**STORED DATA**

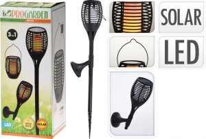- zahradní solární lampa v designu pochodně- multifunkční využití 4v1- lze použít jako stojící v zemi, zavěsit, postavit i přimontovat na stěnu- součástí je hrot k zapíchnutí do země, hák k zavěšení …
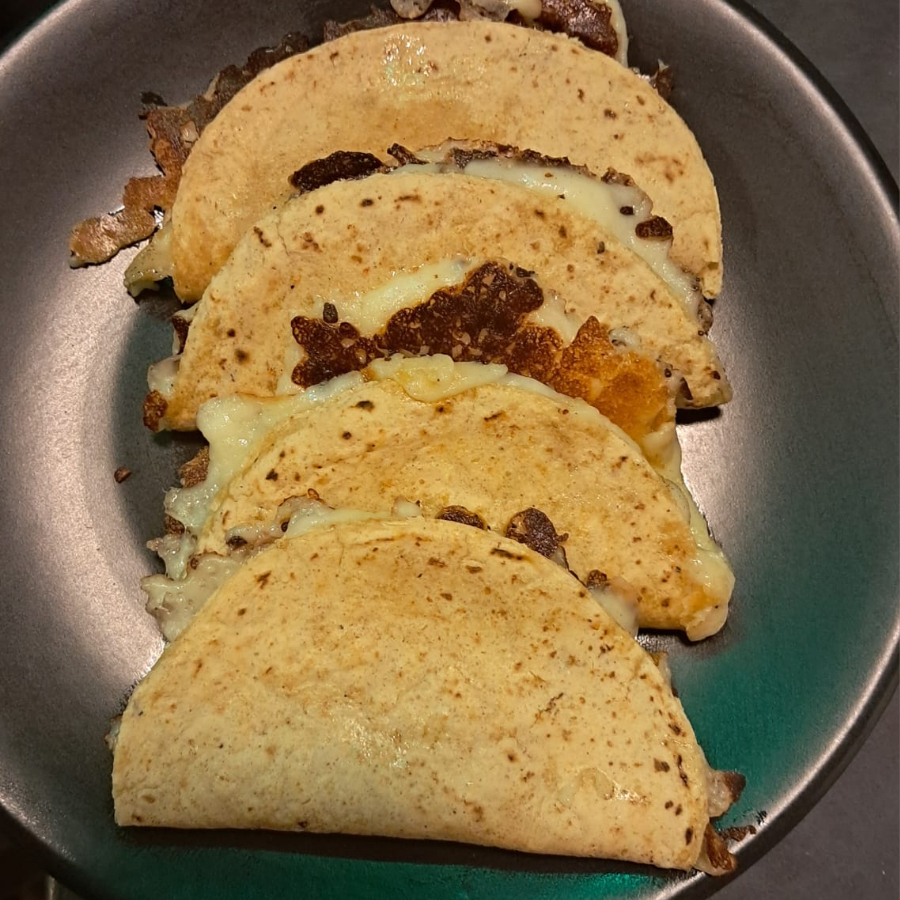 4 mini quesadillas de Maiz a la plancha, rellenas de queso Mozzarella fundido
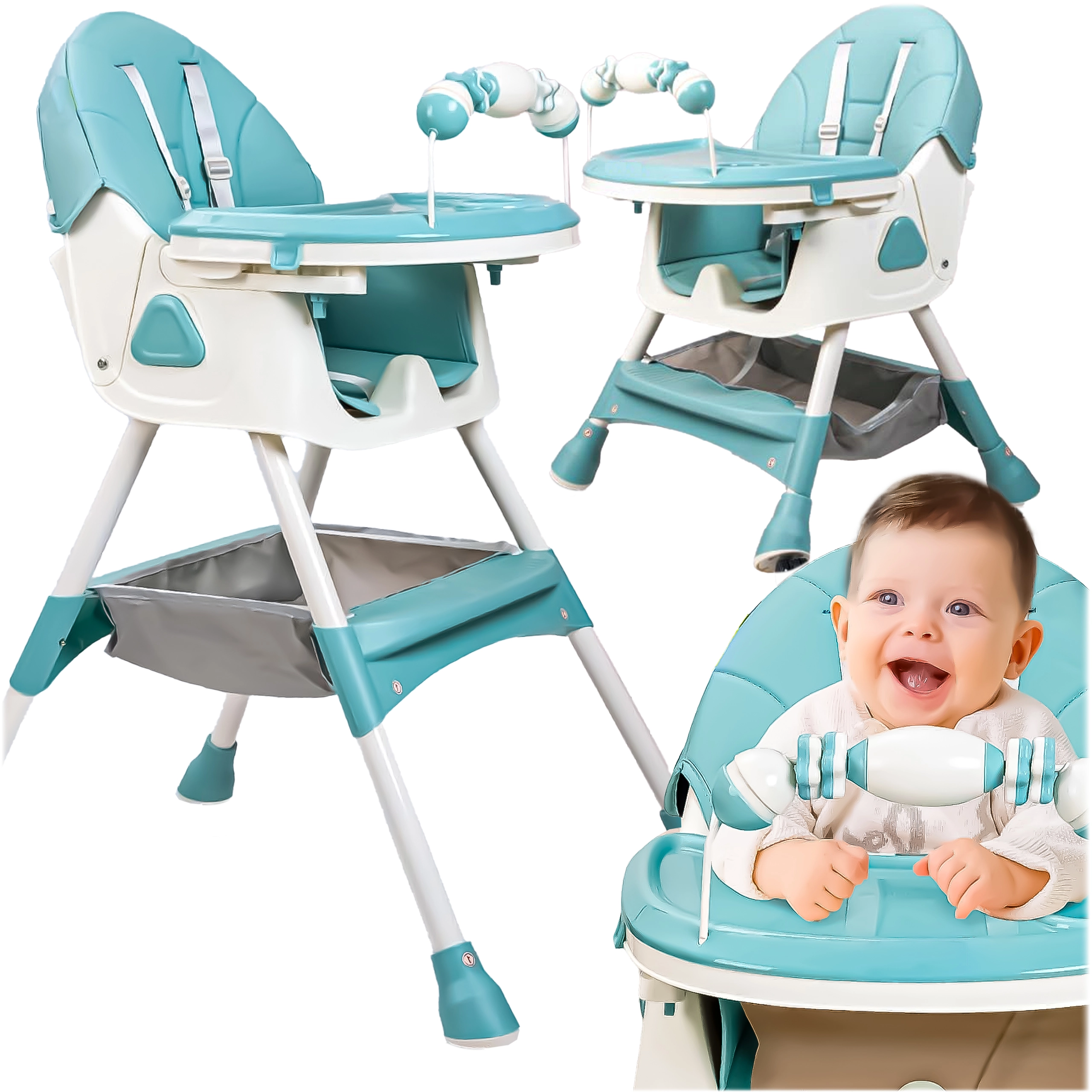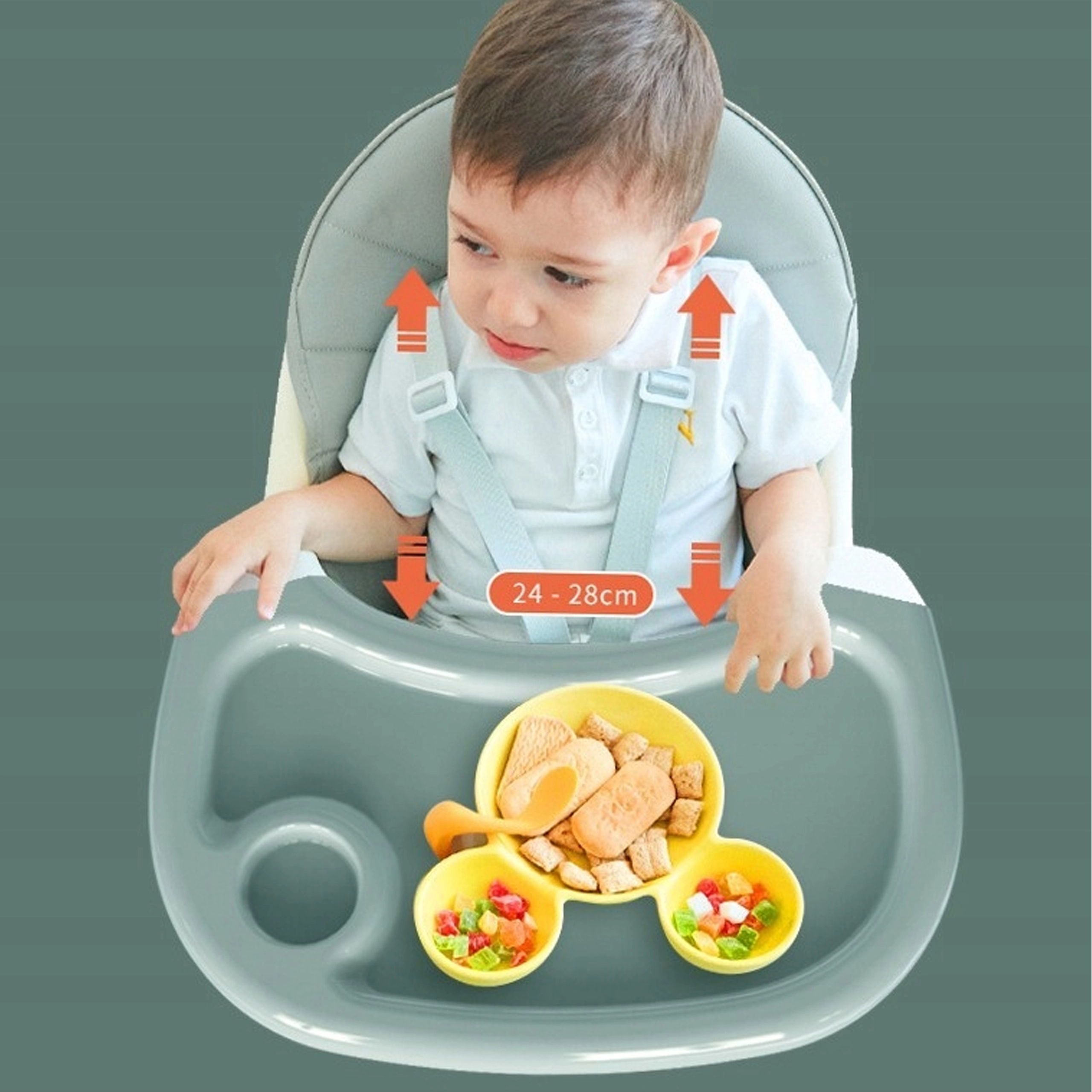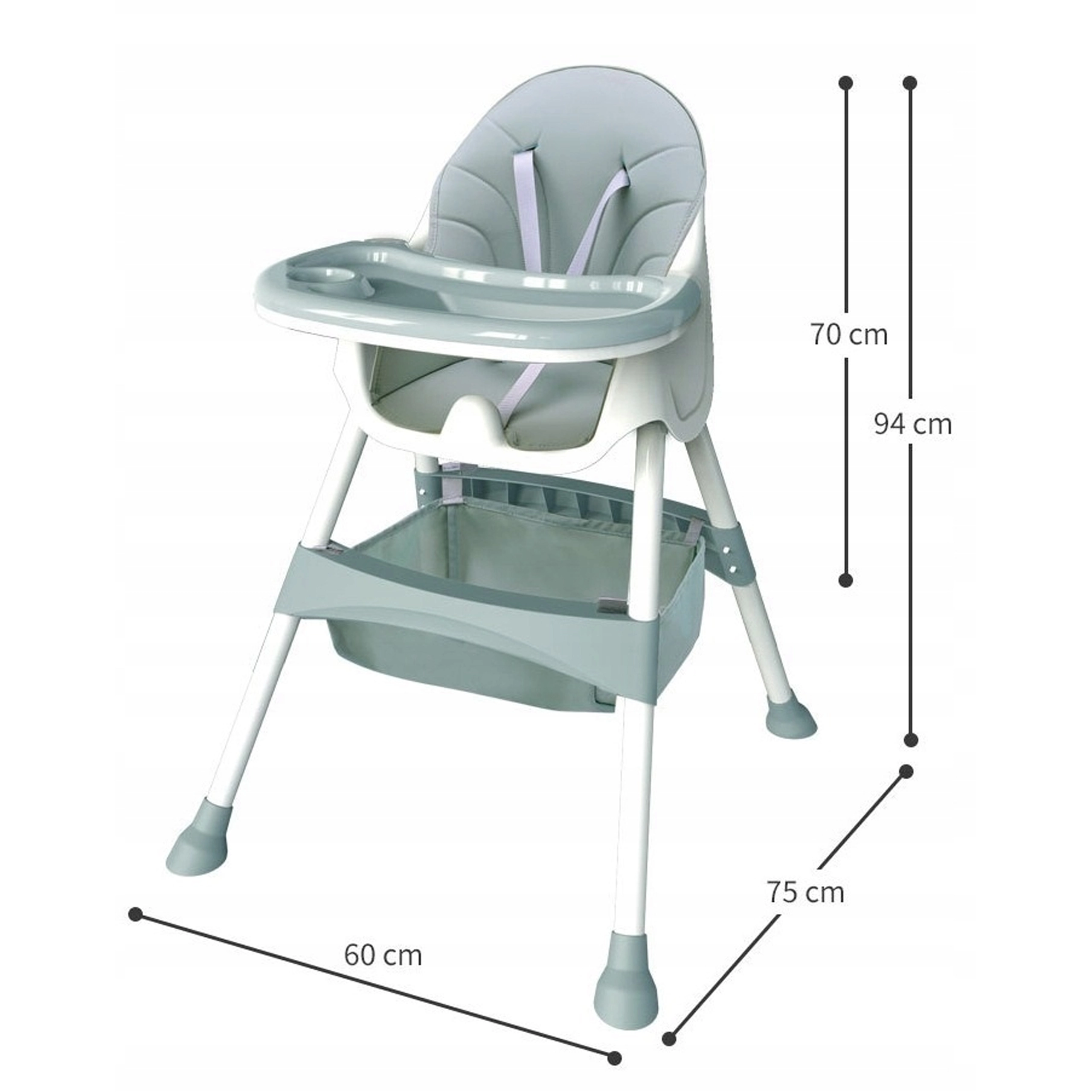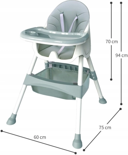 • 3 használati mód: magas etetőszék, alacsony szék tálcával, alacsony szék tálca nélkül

**WORK INSTRUCTION**
What you return should match the material line for line, with the images removed.

**TASK ANSWER**
- zahradní solární lampa v designu pochodně- multifunkční využití 4v1- lze použít jako stojící v zemi, zavěsit, postavit i přimontovat na stěnu- součástí je hrot k zapíchnutí do země, hák k zavěšení …
 4 mini quesadillas de Maiz a la plancha, rellenas de queso Mozzarella fundido
 • 3 használati mód: magas etetőszék, alacsony szék tálcával, alacsony szék tálca nélkül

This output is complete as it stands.